Growing older and trying to understand his roots, Snoop takes on yet another persona — this time as Snoop Lion — a reggae artist called on by the Rastafarian movement. It would be a strange move for any other artist to maintain, but Snoop pushes forward with his ability to evolve with unwavering relevance.

“One thing about hip-hop, you just gotta stay true to it, and it’s gonna stay true to you,” Snoop told DJ Skee in a 2013 interview. “That’s why I chose to jump into reggae because I felt like, I’m not hip-hop right at this moment, you know, I’m fully into this reggae and into saying something right now. I couldn’t say it from my hip-hop perspective because my hip-hop perspective is gangster, and I can’t change that.”

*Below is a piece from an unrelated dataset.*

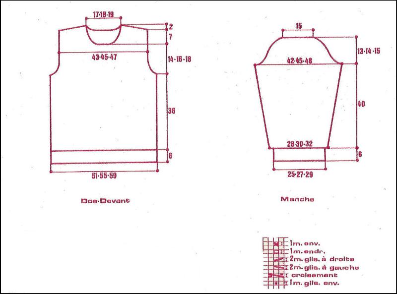 À 14 - 16 - 18 cm de haut. d'emmanchures, rab. les 11 - 13 - 15 m. centrales. Term. ch. partie séparément en rab. côté encolure ts les 2 rgs 1 fs 3 m., 3 fs 2 m., 2 fs 1 m.

What he will change is the way he moves himself and his family toward a positive future. Fatherhood remains Snoop’s priority, and now that his three children are older, the realization of past-meets-present becomes mandatory. His drug life eventually meets up with his home life in ways he now considers heavily.

“It’s not that I would ever push weed on our kids,” Snoop mentions in a 2006 interview with GQ magazine, “but if they wanted to, I would love to show them how, the right way, so that way they won’t get nothing put in their shit, or overdose, or try some shit that ain’t clean.”

And just like that, younger generations’ eyes open to the consequence and mistakes of legislation past. Images of once-treacherous and alarming topics gain acceptance and cultural knowledge.

Today, recreational cannabis is legal in two states, with more leaning toward Colorado’s leadership for guidance into the unknown. Like Snoop, weed has maintained itself wholly while opposing forces sought to break it down with little more than heresy and frivolous attacks. Like Snoop, the cultural standards shifted in weed’s favor, and both broke free of societal negativities.

The two have grown together, struggled together, fought together and even became beloved together. We see true manifestation of the legalization not just in Snoop Dogg, but in countless other hardworking men, women and MJ strains that just want their place in the world. Cannabis keeps growing, and so does Snoop. Their lifelong, herb-infused partnership is a history lesson for future generations, complete with its own hand-swaying, gangster-turns-companion soundtrack.